Following options from async-profiler can be specified as query paramater. * -e event profiling event: cpu|alloc|lock|cache-misses etc. * -d duration run profiling for ‘duration’ seconds (integer) * -i interval sampling interval in nanoseconds (long) * -j jstackdepth maximum Java stack depth (integer) * -b bufsize frame buffer size (long) * -t profile different threads separately * -s simple class names instead of FQN * -o fmt[,fmt...] output format: summary|traces|flat|collapsed|svg|tree|jfr|html * --width px SVG width pixels (integer) * --height px SVG frame height pixels (integer) * --minwidth px skip frames smaller than px (double) * --reverse generate stack-reversed FlameGraph / Call tree

Example: If Namenode http address is localhost:9870, and ResourceManager http address is localhost:8088, ProfileServlet running with async-profiler setup can be accessed with http://localhost:9870/prof and http://localhost:8088/prof for Namenode and ResourceManager processes respectively.

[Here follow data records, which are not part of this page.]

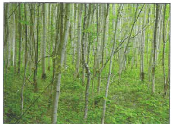
► Een essenbos in de stakenfase.
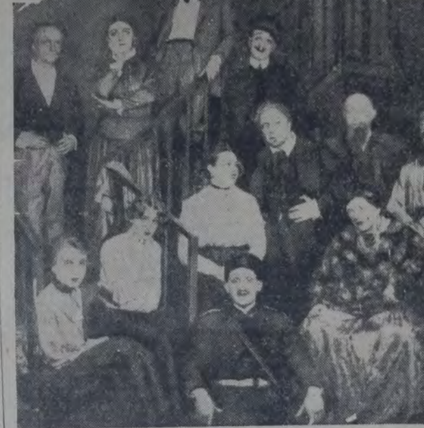
EN LA FIESTA ORGANIZADA EN SORRENTO EN HONOR DE GORKI, al cumplir sesenta años, el 30 de marzo de 1928.

La casa, en ese día, fue adornada de festones multicolores de los que pendían, como de los árboles de Navidad, juguetes relucientes, estrellitas plateadas, lamparitas minúsculas, y mil cosas relucientes; parecía más bien que se celebrara el cumpleaños de María, la nietecita, que no cuenta todavía cinco primaveras, que no el sexagésimo del abuelo.
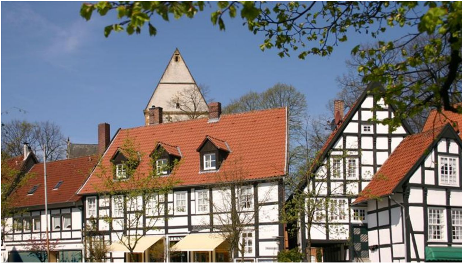
Halle Westfalen, Kirchplatz "Haller Herz"
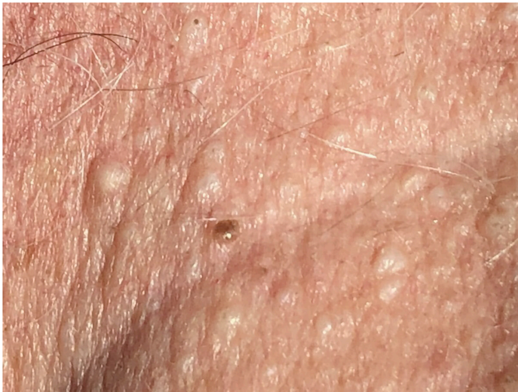
Figur 2 Fibrofollikulomer ved Birt-Hogg-Dubé-syndrom, nærbilde av nakke.
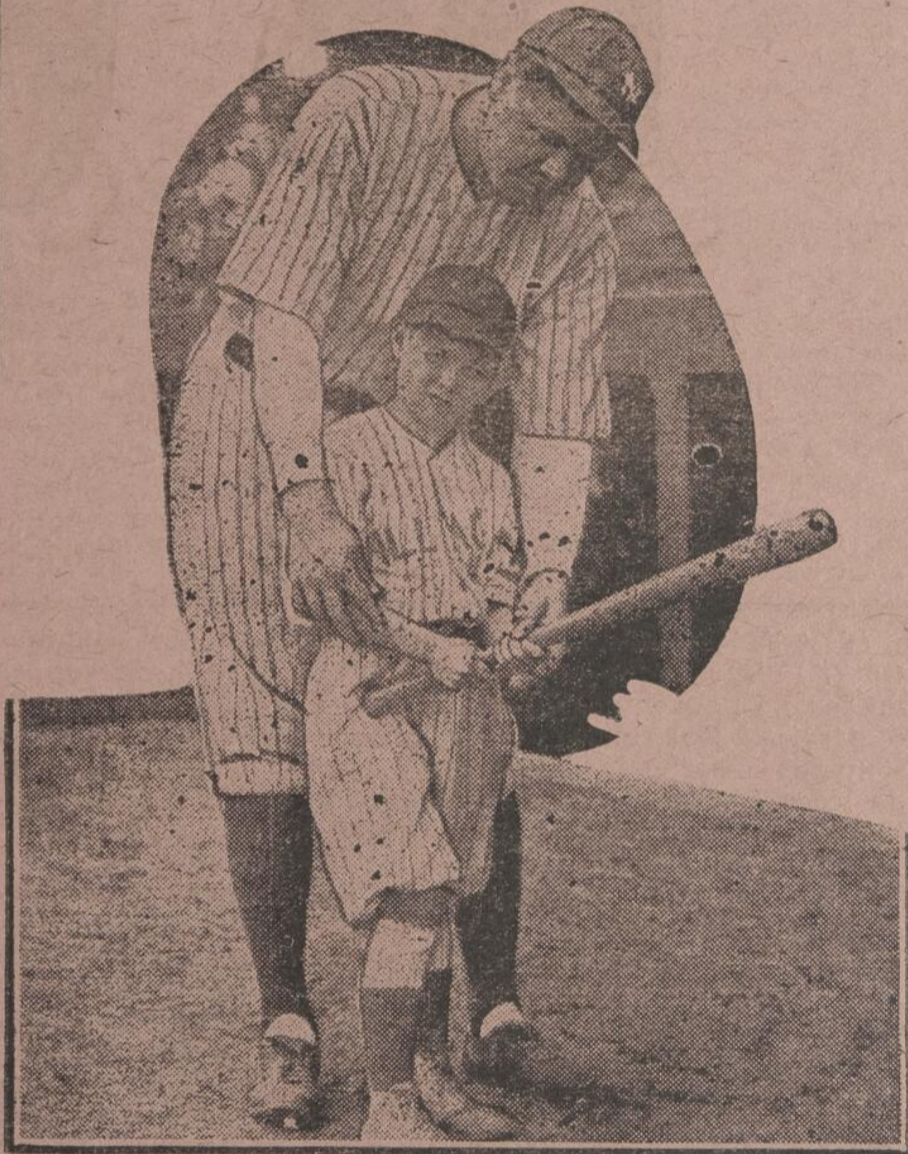
Babe Ruth et son héritier
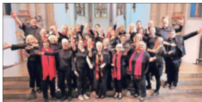
Die „RokiVoices“ laden zu einem außergewöhnlichen Konzert in die Samariterkirche ein.

nur in Klang, sondern auch mit Lichttechnik in Farbe getaucht, was für ein tolles Ambiente sorgen wird. Mit professionellen Technikern und einer motivierten Band wollen die RokiVoices den Besuchern einen unvergesslichen Abend bereiten, der mit Fingerfood und Getränken ausklingen wird. Der Eintritt ist an diesem Abend frei, Spenden, die der Finanzierung des Abends dienen, sind willkommen. Der Einlass beginnt um 18 Uhr. Plätze können reserviert werden unter platzreservierung-konzert@gmx.de . Weitere Infos sind auf der Homepage des Chores unter www.rokivoices.de zu finden.
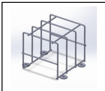
Siatka ochronna Czujnik Hytronik HIM84 RAL 9003 (598913)

Data utworzenia karty: 03 październik 2025
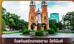
โบสถ์นอร์ทเทรอดาม โฮจิมินห์
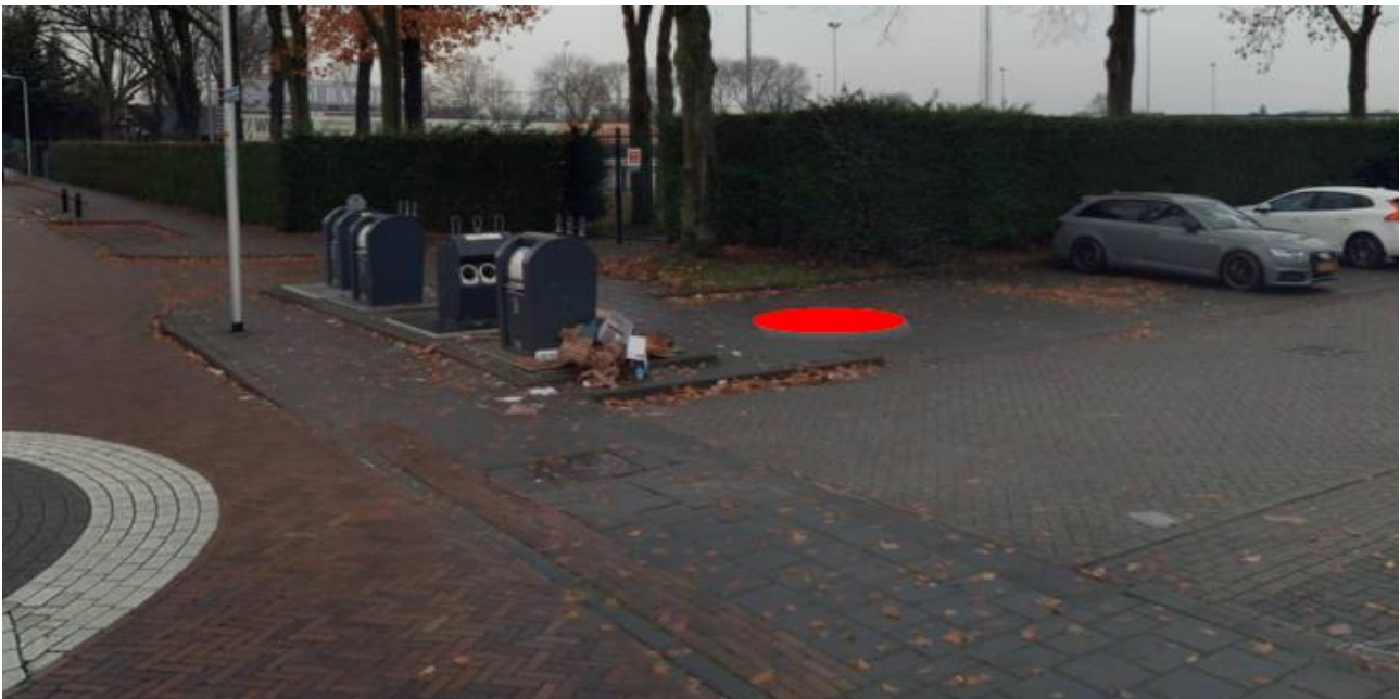
Figuur 2: Omgeving containerlocatie
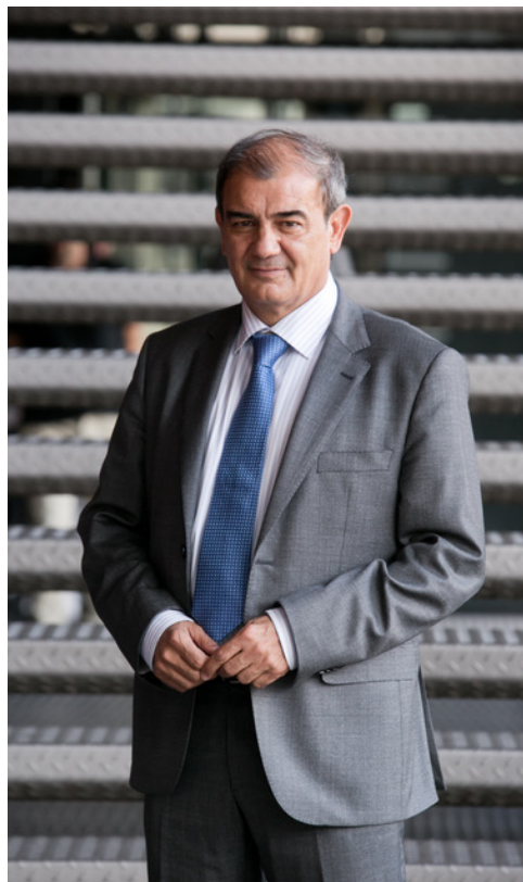
Juan Antonio Pedreño Frutos, presidente de CEPES y de Social Economy Europe

Las conclusiones y resultados de este proceso de aprendizaje, que abarcó 2021 y parte de 2022, son muy valiosos justo en este momento, en el que la UE, la OCDE, la OIT y, muy pronto, Naciones Unidas con su futura Resolución sobre Economía Social, se están volcando en poner las bases de un ecosistema global favorable a una economía al servicio de las personas y del planeta.
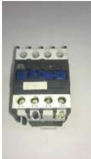
Трансформатор для S99
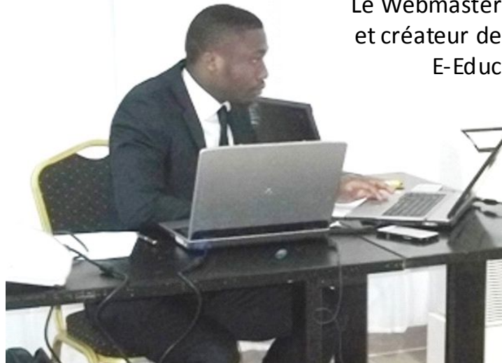
Le Webmaster et créateur de E-Educ
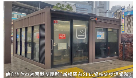
他自治体の密閉型喫煙所(新橋駅前SL広場指定喫煙場所)
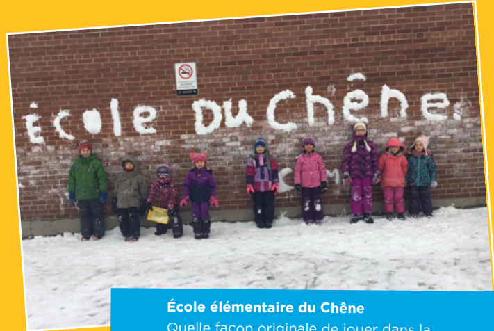
École élémentaire du Chêne

Quelle façon originale de jouer dans la neige! Félicitations pour votre créativité!
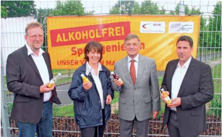
Die deutschlandweite Aktion „Sport ohne Alkohol“ beim Jugendsportfest des TSV kam prima an.
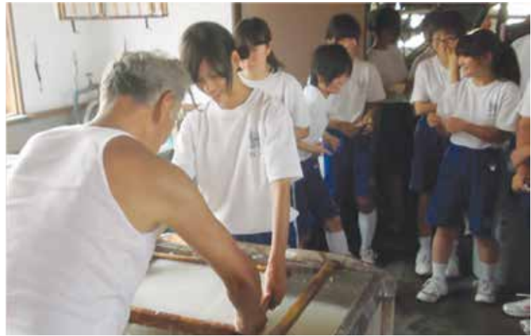
© 2013 Agency for Cultural Affairs

Для того, чтобы политика в области нематериального культурного наследия основывалась на взаимосвязи гендерного вопроса и нематериального культурного наследия, политика по охране наследия должна гарантировать участие различных сторон, в том числе соответствующих гендерных групп. Потенциально рискованной будет мера, которая доверит разработку политики по охране наследия лишь нескольким членам сообщества, сторонним экспертам или же государственным учреждениям. Также, при разработке политики следует учитывать меры, которые укрепляют права человека (включая гендерное равенство), способствуют устойчивому развитию и взаимоуважению при охране нематериального культурного наследия в соответствии с Конвенцией (статья 2.1). Помимо этого, при разработке политики следует учитывать меры, которые гарантируют, что информационно-просветительская деятельность не будет “оправдывать какую-либо форму политической, социальной, этнической,
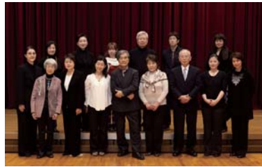
プランタン朗読会

Diving deep into some params:

  • To collect 10 second CPU profile of current process (returns FlameGraph svg)
  • curl http://localhost:9870/prof (FlameGraph svg for Namenode)
  • curl http://localhost:8088/prof (FlameGraph svg for ResourceManager)
  • To collect 10 second CPU profile of pid 12345 (returns FlameGraph svg)
  • curl http://localhost:9870/prof?pid=12345 (For instance, provide pid of Datanode here)
  • To collect 30 second CPU profile of pid 12345 (returns FlameGraph svg)
  • curl http://localhost:9870/prof?pid=12345&duration=30
  • To collect 1 minute CPU profile of current process and output in tree format (html)
  • curl http://localhost:9870/prof?output=tree&duration=60
  • To collect 10 second heap allocation profile of current process (returns FlameGraph svg)
  • curl http://localhost:9870/prof?event=alloc
  • To collect lock contention profile of current process (returns FlameGraph svg)
  • curl http://localhost:9870/prof?event=lock

The following event types are supported by async-profiler. Use the ‘event’ parameter to specify. Default is ‘cpu’. Not all operating systems will support all types.

Perf events:

  • cpu
  • page-faults
  • context-switches
  • cycles
  • instructions
  • cache-references
  • cache-misses
  • branches
  • branch-misses
  • bus-cycles
  • L1-dcache-load-misses
  • LLC-load-misses
  • dTLB-load-misses

Java events:

  • alloc
  • lock

The following output formats are supported. Use the ‘output’ parameter to specify. Default is ‘flamegraph’.

Output formats:

  • summary: A dump of basic profiling statistics.
  • traces: Call traces.
  • flat: Flat profile (top N hot methods).
  • collapsed: Collapsed call traces in the format used by FlameGraph script. This is a collection of call stacks, where each line is a semicolon separated list of frames followed by a counter.
  • svg: FlameGraph in SVG format.
  • tree: Call tree in HTML format.
  • jfr: Call traces in Java Flight Recorder format.

The ‘duration’ parameter specifies how long to collect trace data before generating output, specified in seconds. The default is 10 seconds.